* Data supplied *
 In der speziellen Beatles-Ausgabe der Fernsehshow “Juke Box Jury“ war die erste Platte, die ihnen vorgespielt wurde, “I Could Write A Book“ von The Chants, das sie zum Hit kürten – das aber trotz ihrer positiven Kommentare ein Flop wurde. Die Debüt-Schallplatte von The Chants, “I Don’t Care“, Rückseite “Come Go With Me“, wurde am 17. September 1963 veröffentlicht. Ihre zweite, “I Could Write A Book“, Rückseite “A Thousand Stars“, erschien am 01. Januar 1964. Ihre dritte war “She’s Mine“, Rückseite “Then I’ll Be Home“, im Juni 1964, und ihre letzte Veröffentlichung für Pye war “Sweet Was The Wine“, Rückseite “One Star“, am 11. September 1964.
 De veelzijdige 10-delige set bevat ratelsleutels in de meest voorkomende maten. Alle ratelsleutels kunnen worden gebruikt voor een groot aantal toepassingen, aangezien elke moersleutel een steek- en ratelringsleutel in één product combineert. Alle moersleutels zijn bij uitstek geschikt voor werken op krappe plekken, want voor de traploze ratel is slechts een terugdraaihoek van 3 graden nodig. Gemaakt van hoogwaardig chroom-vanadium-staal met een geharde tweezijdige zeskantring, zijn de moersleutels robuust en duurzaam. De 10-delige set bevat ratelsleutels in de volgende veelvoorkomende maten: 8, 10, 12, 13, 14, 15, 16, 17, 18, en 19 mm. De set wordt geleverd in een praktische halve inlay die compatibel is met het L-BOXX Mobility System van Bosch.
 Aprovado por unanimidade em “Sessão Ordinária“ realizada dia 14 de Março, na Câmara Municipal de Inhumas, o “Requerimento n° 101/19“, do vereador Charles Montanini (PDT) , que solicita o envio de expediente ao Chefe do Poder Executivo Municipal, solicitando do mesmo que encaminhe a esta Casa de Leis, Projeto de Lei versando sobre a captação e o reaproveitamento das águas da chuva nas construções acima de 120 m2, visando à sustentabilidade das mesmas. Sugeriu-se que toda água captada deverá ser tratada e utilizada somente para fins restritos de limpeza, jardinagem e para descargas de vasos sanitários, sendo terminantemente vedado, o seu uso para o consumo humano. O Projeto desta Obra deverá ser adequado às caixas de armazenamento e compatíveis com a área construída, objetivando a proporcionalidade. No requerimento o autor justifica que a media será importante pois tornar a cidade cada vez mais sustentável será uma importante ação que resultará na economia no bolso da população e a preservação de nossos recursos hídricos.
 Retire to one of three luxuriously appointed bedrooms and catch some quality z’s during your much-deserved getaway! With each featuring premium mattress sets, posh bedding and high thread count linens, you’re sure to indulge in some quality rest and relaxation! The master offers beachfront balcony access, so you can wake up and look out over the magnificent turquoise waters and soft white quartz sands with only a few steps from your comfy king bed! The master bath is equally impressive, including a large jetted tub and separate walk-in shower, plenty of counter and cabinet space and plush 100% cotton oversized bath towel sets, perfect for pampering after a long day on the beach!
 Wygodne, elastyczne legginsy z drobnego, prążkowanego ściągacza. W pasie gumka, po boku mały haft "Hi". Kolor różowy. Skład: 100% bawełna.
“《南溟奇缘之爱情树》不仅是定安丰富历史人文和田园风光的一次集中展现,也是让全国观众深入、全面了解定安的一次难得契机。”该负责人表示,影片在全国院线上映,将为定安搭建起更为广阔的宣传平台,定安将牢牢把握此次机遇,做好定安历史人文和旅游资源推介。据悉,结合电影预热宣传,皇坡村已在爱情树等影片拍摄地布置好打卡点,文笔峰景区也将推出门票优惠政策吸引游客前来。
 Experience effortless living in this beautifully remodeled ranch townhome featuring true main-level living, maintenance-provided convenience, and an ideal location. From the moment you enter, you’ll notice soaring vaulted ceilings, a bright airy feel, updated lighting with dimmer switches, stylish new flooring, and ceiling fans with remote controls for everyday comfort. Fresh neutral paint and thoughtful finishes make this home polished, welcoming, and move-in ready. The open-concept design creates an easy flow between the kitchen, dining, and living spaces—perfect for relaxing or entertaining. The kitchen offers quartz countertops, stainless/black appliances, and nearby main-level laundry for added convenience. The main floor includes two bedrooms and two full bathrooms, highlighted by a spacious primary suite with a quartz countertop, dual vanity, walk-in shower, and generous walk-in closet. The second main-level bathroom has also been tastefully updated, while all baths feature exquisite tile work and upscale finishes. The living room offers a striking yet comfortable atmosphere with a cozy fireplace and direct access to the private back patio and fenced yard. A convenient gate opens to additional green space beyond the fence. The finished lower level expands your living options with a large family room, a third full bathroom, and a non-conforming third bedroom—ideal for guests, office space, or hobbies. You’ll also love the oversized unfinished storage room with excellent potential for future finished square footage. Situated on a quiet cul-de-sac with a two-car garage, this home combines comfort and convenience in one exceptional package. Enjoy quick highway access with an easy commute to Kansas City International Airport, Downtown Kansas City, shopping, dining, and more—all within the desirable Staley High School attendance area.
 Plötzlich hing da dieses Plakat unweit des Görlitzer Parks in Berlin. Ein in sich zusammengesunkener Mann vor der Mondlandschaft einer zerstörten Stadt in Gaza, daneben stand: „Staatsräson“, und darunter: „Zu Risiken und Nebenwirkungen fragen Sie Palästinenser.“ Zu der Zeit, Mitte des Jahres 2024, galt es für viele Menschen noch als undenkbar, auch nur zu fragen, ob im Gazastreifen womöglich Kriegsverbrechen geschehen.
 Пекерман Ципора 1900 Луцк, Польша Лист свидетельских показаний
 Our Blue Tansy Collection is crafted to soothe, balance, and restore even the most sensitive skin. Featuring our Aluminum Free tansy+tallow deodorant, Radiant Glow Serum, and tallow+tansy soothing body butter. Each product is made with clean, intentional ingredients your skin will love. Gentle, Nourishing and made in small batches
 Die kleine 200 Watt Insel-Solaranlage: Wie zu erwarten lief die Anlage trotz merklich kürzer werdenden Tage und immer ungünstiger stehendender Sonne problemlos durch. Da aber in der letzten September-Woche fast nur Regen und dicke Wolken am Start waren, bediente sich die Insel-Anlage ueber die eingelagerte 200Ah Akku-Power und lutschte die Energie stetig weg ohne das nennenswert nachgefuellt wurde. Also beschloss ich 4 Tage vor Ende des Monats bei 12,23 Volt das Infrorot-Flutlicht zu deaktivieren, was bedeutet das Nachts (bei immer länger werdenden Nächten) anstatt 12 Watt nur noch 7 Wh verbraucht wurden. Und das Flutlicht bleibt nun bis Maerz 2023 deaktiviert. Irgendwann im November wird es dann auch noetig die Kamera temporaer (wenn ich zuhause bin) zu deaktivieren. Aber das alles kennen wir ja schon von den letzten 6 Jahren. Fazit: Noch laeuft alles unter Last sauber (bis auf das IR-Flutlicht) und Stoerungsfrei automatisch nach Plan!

* Instructions to follow *
Repeat every line of the records above exactly.

* Answer for the task *
 In der speziellen Beatles-Ausgabe der Fernsehshow “Juke Box Jury“ war die erste Platte, die ihnen vorgespielt wurde, “I Could Write A Book“ von The Chants, das sie zum Hit kürten – das aber trotz ihrer positiven Kommentare ein Flop wurde. Die Debüt-Schallplatte von The Chants, “I Don’t Care“, Rückseite “Come Go With Me“, wurde am 17. September 1963 veröffentlicht. Ihre zweite, “I Could Write A Book“, Rückseite “A Thousand Stars“, erschien am 01. Januar 1964. Ihre dritte war “She’s Mine“, Rückseite “Then I’ll Be Home“, im Juni 1964, und ihre letzte Veröffentlichung für Pye war “Sweet Was The Wine“, Rückseite “One Star“, am 11. September 1964.
 De veelzijdige 10-delige set bevat ratelsleutels in de meest voorkomende maten. Alle ratelsleutels kunnen worden gebruikt voor een groot aantal toepassingen, aangezien elke moersleutel een steek- en ratelringsleutel in één product combineert. Alle moersleutels zijn bij uitstek geschikt voor werken op krappe plekken, want voor de traploze ratel is slechts een terugdraaihoek van 3 graden nodig. Gemaakt van hoogwaardig chroom-vanadium-staal met een geharde tweezijdige zeskantring, zijn de moersleutels robuust en duurzaam. De 10-delige set bevat ratelsleutels in de volgende veelvoorkomende maten: 8, 10, 12, 13, 14, 15, 16, 17, 18, en 19 mm. De set wordt geleverd in een praktische halve inlay die compatibel is met het L-BOXX Mobility System van Bosch.
 Aprovado por unanimidade em “Sessão Ordinária“ realizada dia 14 de Março, na Câmara Municipal de Inhumas, o “Requerimento n° 101/19“, do vereador Charles Montanini (PDT) , que solicita o envio de expediente ao Chefe do Poder Executivo Municipal, solicitando do mesmo que encaminhe a esta Casa de Leis, Projeto de Lei versando sobre a captação e o reaproveitamento das águas da chuva nas construções acima de 120 m2, visando à sustentabilidade das mesmas. Sugeriu-se que toda água captada deverá ser tratada e utilizada somente para fins restritos de limpeza, jardinagem e para descargas de vasos sanitários, sendo terminantemente vedado, o seu uso para o consumo humano. O Projeto desta Obra deverá ser adequado às caixas de armazenamento e compatíveis com a área construída, objetivando a proporcionalidade. No requerimento o autor justifica que a media será importante pois tornar a cidade cada vez mais sustentável será uma importante ação que resultará na economia no bolso da população e a preservação de nossos recursos hídricos.
 Retire to one of three luxuriously appointed bedrooms and catch some quality z’s during your much-deserved getaway! With each featuring premium mattress sets, posh bedding and high thread count linens, you’re sure to indulge in some quality rest and relaxation! The master offers beachfront balcony access, so you can wake up and look out over the magnificent turquoise waters and soft white quartz sands with only a few steps from your comfy king bed! The master bath is equally impressive, including a large jetted tub and separate walk-in shower, plenty of counter and cabinet space and plush 100% cotton oversized bath towel sets, perfect for pampering after a long day on the beach!
 Wygodne, elastyczne legginsy z drobnego, prążkowanego ściągacza. W pasie gumka, po boku mały haft "Hi". Kolor różowy. Skład: 100% bawełna.
“《南溟奇缘之爱情树》不仅是定安丰富历史人文和田园风光的一次集中展现,也是让全国观众深入、全面了解定安的一次难得契机。”该负责人表示,影片在全国院线上映,将为定安搭建起更为广阔的宣传平台,定安将牢牢把握此次机遇,做好定安历史人文和旅游资源推介。据悉,结合电影预热宣传,皇坡村已在爱情树等影片拍摄地布置好打卡点,文笔峰景区也将推出门票优惠政策吸引游客前来。
 Experience effortless living in this beautifully remodeled ranch townhome featuring true main-level living, maintenance-provided convenience, and an ideal location. From the moment you enter, you’ll notice soaring vaulted ceilings, a bright airy feel, updated lighting with dimmer switches, stylish new flooring, and ceiling fans with remote controls for everyday comfort. Fresh neutral paint and thoughtful finishes make this home polished, welcoming, and move-in ready. The open-concept design creates an easy flow between the kitchen, dining, and living spaces—perfect for relaxing or entertaining. The kitchen offers quartz countertops, stainless/black appliances, and nearby main-level laundry for added convenience. The main floor includes two bedrooms and two full bathrooms, highlighted by a spacious primary suite with a quartz countertop, dual vanity, walk-in shower, and generous walk-in closet. The second main-level bathroom has also been tastefully updated, while all baths feature exquisite tile work and upscale finishes. The living room offers a striking yet comfortable atmosphere with a cozy fireplace and direct access to the private back patio and fenced yard. A convenient gate opens to additional green space beyond the fence. The finished lower level expands your living options with a large family room, a third full bathroom, and a non-conforming third bedroom—ideal for guests, office space, or hobbies. You’ll also love the oversized unfinished storage room with excellent potential for future finished square footage. Situated on a quiet cul-de-sac with a two-car garage, this home combines comfort and convenience in one exceptional package. Enjoy quick highway access with an easy commute to Kansas City International Airport, Downtown Kansas City, shopping, dining, and more—all within the desirable Staley High School attendance area.
 Plötzlich hing da dieses Plakat unweit des Görlitzer Parks in Berlin. Ein in sich zusammengesunkener Mann vor der Mondlandschaft einer zerstörten Stadt in Gaza, daneben stand: „Staatsräson“, und darunter: „Zu Risiken und Nebenwirkungen fragen Sie Palästinenser.“ Zu der Zeit, Mitte des Jahres 2024, galt es für viele Menschen noch als undenkbar, auch nur zu fragen, ob im Gazastreifen womöglich Kriegsverbrechen geschehen.
 Пекерман Ципора 1900 Луцк, Польша Лист свидетельских показаний
 Our Blue Tansy Collection is crafted to soothe, balance, and restore even the most sensitive skin. Featuring our Aluminum Free tansy+tallow deodorant, Radiant Glow Serum, and tallow+tansy soothing body butter. Each product is made with clean, intentional ingredients your skin will love. Gentle, Nourishing and made in small batches
 Die kleine 200 Watt Insel-Solaranlage: Wie zu erwarten lief die Anlage trotz merklich kürzer werdenden Tage und immer ungünstiger stehendender Sonne problemlos durch. Da aber in der letzten September-Woche fast nur Regen und dicke Wolken am Start waren, bediente sich die Insel-Anlage ueber die eingelagerte 200Ah Akku-Power und lutschte die Energie stetig weg ohne das nennenswert nachgefuellt wurde. Also beschloss ich 4 Tage vor Ende des Monats bei 12,23 Volt das Infrorot-Flutlicht zu deaktivieren, was bedeutet das Nachts (bei immer länger werdenden Nächten) anstatt 12 Watt nur noch 7 Wh verbraucht wurden. Und das Flutlicht bleibt nun bis Maerz 2023 deaktiviert. Irgendwann im November wird es dann auch noetig die Kamera temporaer (wenn ich zuhause bin) zu deaktivieren. Aber das alles kennen wir ja schon von den letzten 6 Jahren. Fazit: Noch laeuft alles unter Last sauber (bis auf das IR-Flutlicht) und Stoerungsfrei automatisch nach Plan!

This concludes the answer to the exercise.